The experience inspired him to create Blumhouse Productions and a business model that relies on low-budget films ($3-5 million) using experienced directors looking for creative control. After “Paranormal Activity” made Hollywood take notice, Blum stuck with the successful model and repeated the success with low-cost franchises like “Insidious” and “The Purge.”
“Everyone thought I was nuts because everyone thought ‘Paranormal Activity” was a magic trick… Then we had the sequel to ‘Paranormal’ and ‘Insidious’ and ‘Sinister.’ Recently, we had ‘The Purge’ which was the moment when the establishment finally was like ‘this guy is on to something.'” According to Blum, “Purge” cost $3 million and grossed $80 million worldwide.
Blum outlined the key elements of his low-budget model:
1. Everybody above the line works either free or for scale. If an actor asks for a trailer or other frills, he’ll tell them, “You can have all those things, but you have to pay for it yourself. But more often than not, those things go away.”
2. Never work with first time directors. “We work with experienced directors. We make a deal — we’re not going to pay you a lot, but you get to do what you want to do. Most directors get final cut. It’s ‘auteur’ filmmaking, but for commercial movies… I tell directors: ‘I can’t promise you a hit, but I can promise you the movies is going to be yours.’ When you work for a studio, they pay you a lot of money, but in exchange for that, they tell you what to do.
3. Cut down on time spent negotiating. The way we structure our backend, we key the payments to the box office — so that cuts the negotiating way down and it’s very transparent. One of the things I’m most proud of is that we’re really transparent with our process.”
4. Don’t release every movie wide. “One of the benefits of doing low-budget movies is you don’t have to release them wide to recoup. You can release it in a smaller way, make your money back and keep going.”
5. Don’t go with the hot directors. “The directors that everyone’s chasing, we’re not chasing. If someone says ‘we’re meeting every studio in town,’ I always say they should enjoy those meetings and shouldn’t come here. My perfect director would be James Wan, who had done “Saw” and had two difficult experiences with a studio. He couldn’t get a movie made and had a ton to prove and there was no way ‘Insidious’ was not going to be a great scary movie… Experienced directors can do a lot more with less.”
6. Story and character matter — even in horror movies. “The scares don’t work if the story and characters work… if you take away the toys, the director has nothing to focus on but those
things.
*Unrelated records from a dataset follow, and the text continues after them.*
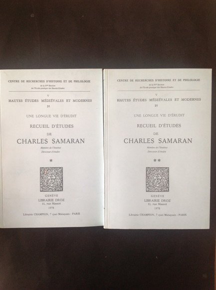 RECUEIL D'ETUDES - VOL. I, II UNE LONGUE VIE D'ERUDIT
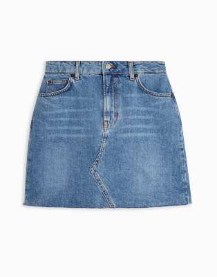 Topshop high-waist denim mini skirt in
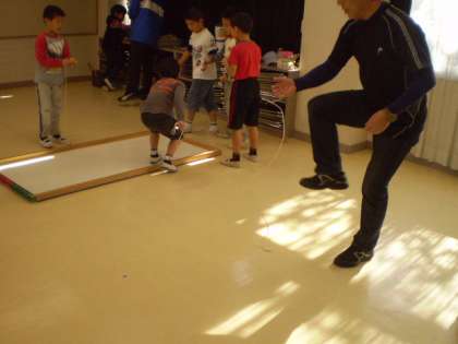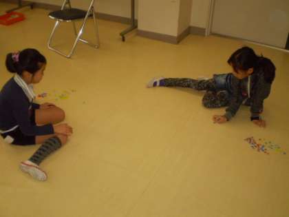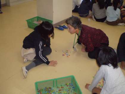 地域の皆様にご協力をいただいてコマ回しやおはじきの遊び方を教えていただきました。
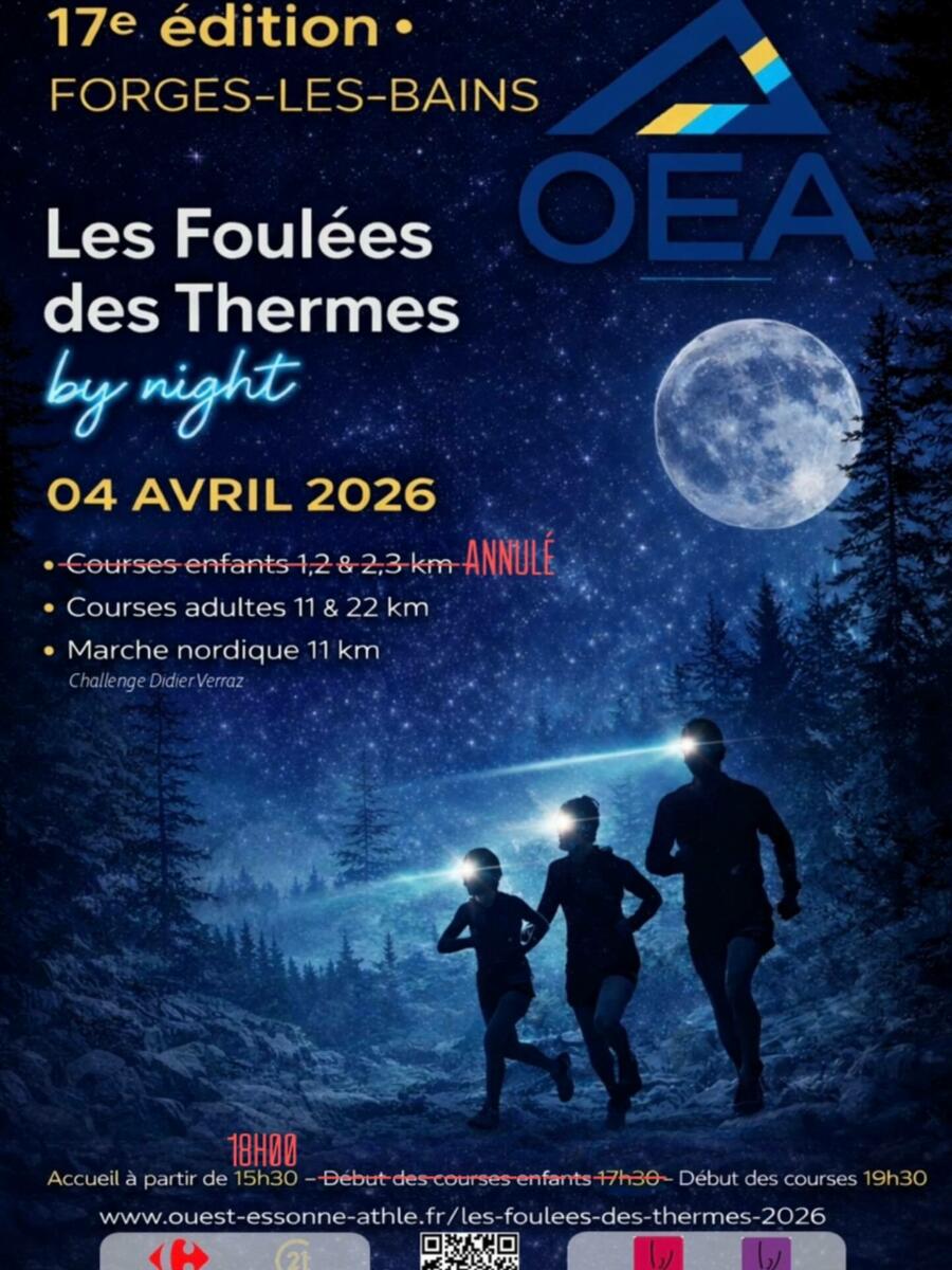 Inscriptions ouvertes jusqu'au 2 avril à minuit en ligne : https://www.ouest-essonne-athle.fr/les-foulees-des-thermes-2026
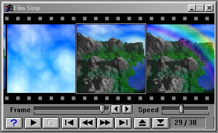 The Filmstrip in WinImages F/x allows you to view animations that you have created or simply keep a visual record of the changes made to an image. The filmstrip controls are simple, and are similar to the controls of a VCR. You can play, stop, rewind, fast forward, and eject the filmstrip using the filmstrip controls. There is also a control to alter the playback speed of the animation. The length, resolution, loading, saving, method of play back (Pong/Normal and Reverse), and frame rate settings for the filmstrip can be set using the Time Line and Filmstrip pull down menus.
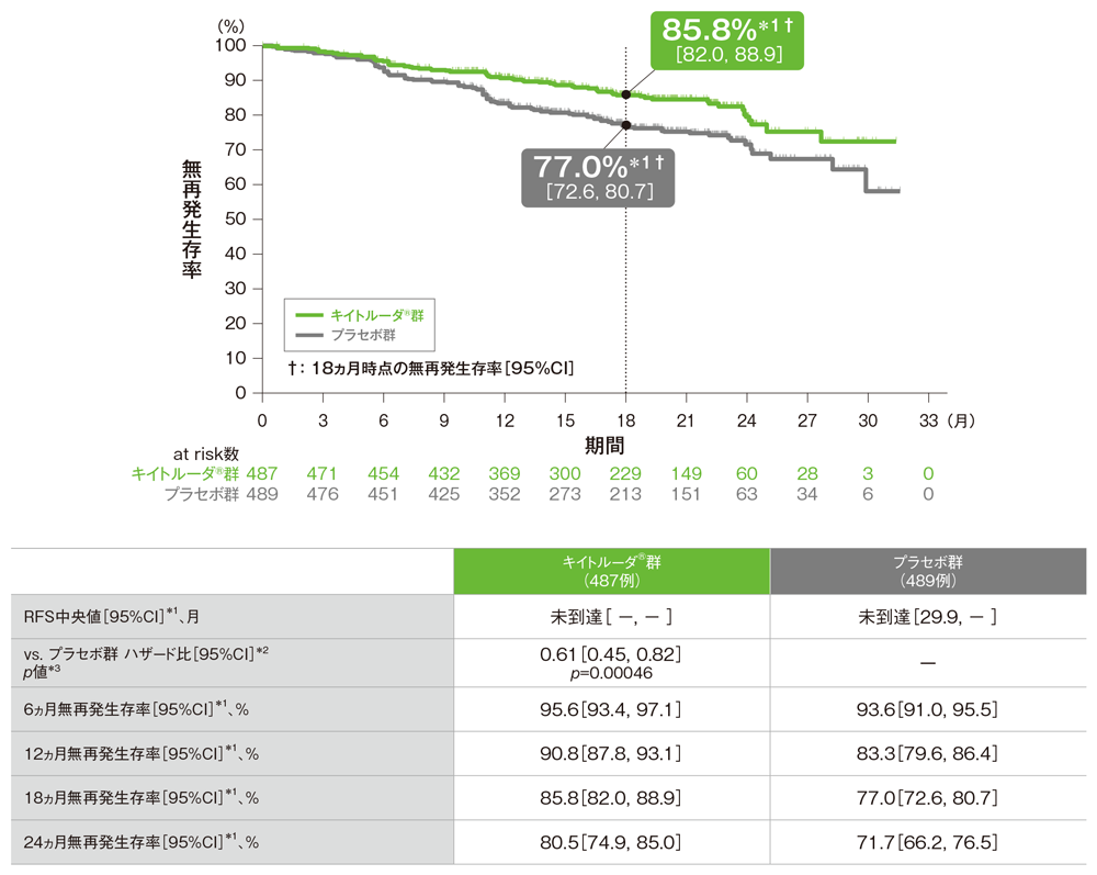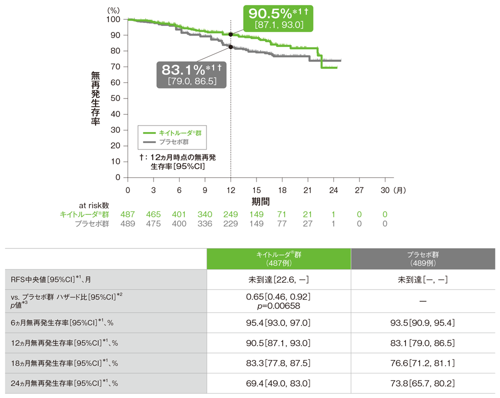 - RFS中央値は、キイトルーダ®群で未到達(95%CI: 22.6, -)、プラセボ群で未到達(95%CI: -, -)でした。
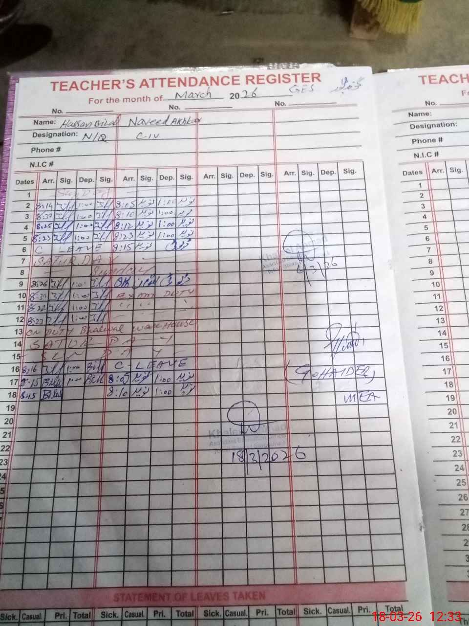 | CNIC | Full Name | Designation | R/C | Absence During Last Calender Month |
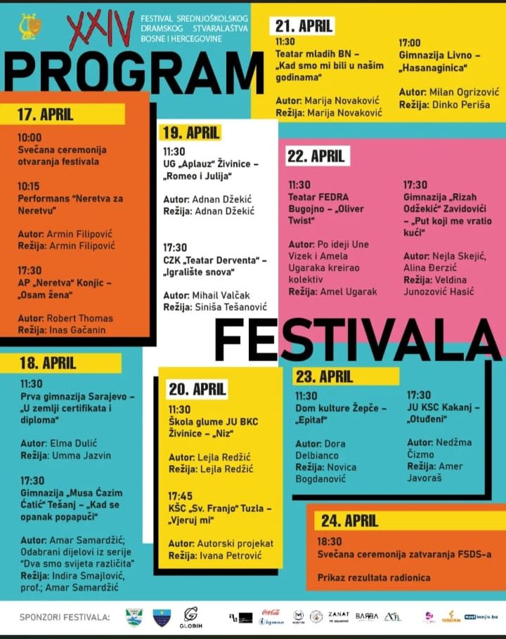 Glumci i glazbenici naše Gimnazije Livno, u pratnji profesora Katarine Džeko i Dinka Periša i ove godine su sudjelovali na Festivalu srednjoškolskog dramskog stvaralaštva BiH, XXIV. po redu.

I think it makes the movie stronger.”
7. Don’t think about a sequel until the original is shot. “Whenever anyone is doing an original movie and they say ‘we want to end it this way for the sequel,’ I always say ‘don’t do that.’ You can always figure out a sequel, but it’s really bad to plan for a sequel. We don’t think about the sequel. We think about making a really good movie and if it’s good, we think about a sequel.”
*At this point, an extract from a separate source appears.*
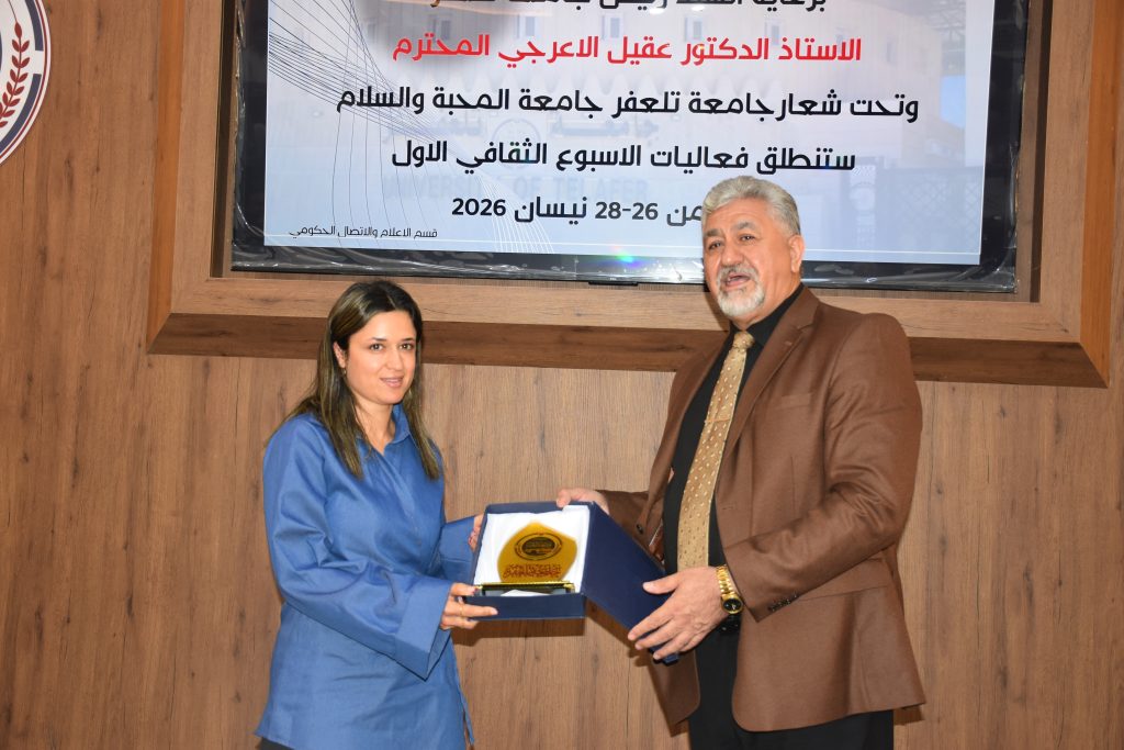 برعاية السيد رئيس الجامعة الأستاذ الدكتور عقيل الأعرجي، شهدت جامعة تلعفر، اليوم الأحد الموافق 26 نيسان 2026، انطلاق فعاليات الأسبوع الثقافي تحت شعار: “جامعة تلعفر… جامعة المحبة والسلام”، وبحضور رسمي وأكاديمي مميز.
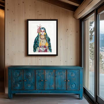 Edição limitada de impressão giclée pelo artista de Denver, Dolan Geiman. Mulher do Dia dos Mortos/Dia de los Muertos com uma jaqueta de cavalo. Cada impressão é uma reprodução detalhada de uma colagem de papel impressa em papel artístico mate, assinada e numerada. Cada colagem de papel foi construída a partir de materiais reciclados. *Tamanhos: 24 x 30 || 32 x 40 *Embalagem: impressões pequenas sem moldura são embaladas em uma manga plástica selada com suporte de espuma || impressões médias e grandes sem moldura são enviadas enroladas dentro de seu próprio tubo de kraft individual com tampa rotulada (ver fotos). *Suportes: procure o produto Print Hanger | Magnético | Nogueira para detalhes do produto de suporte de nogueira. *Envio: Impressões sem moldura são enviadas em 1-3 dias. Decoração de parede para casa mexicana do sudoeste com tema de cowgirl do Dia de los Muertos. Sudoeste

8. Shoot in Los Angeles. Blum said he shoots 80% of his films in Los Angeles because “you get the best actors” and talent is willing to accept a smaller paycheck if it means they can “kiss their kids goodnight.”
Now that Blum has a number of financially successful movies to his credit, he is using that power to shepherd non-genre indies such as “Whiplash,” which recently received raves at Sundance. “I could never have made ‘Whiplash’ five years ago,” said Blum, who also produced “Creep,” which is having its world premiere at SXSW.
Talking about the future of film distribution, Blum emphasized that “a wide release shouldn’t always be the golden ring” and anticipated that theatrical windows will eventually collapse. “The fact that we haven’t collapsed windows is pushing the best artists into TV,” he said, “‘True Detective’ wouldn’t have happened eight years ago.” Along those lines, he’s trying to emulate his low-budget film model in TV. “We’re interested in having the same conversation with showrunners that we’re having with directors… Let’s make 10 episodes for $300,000 each.”
When asked for advice about how to break into the industry, Blum urged the crowd not to wait for approval from Hollywood. “The advice I give for filmmakers starting out is don’t wait for me. Don’t wait for the industry… It’s a mistake to wait for Hollywood to tell you you have a good idea. If you have a good idea, try to make it on your own as cheaply as possible… on your phone.”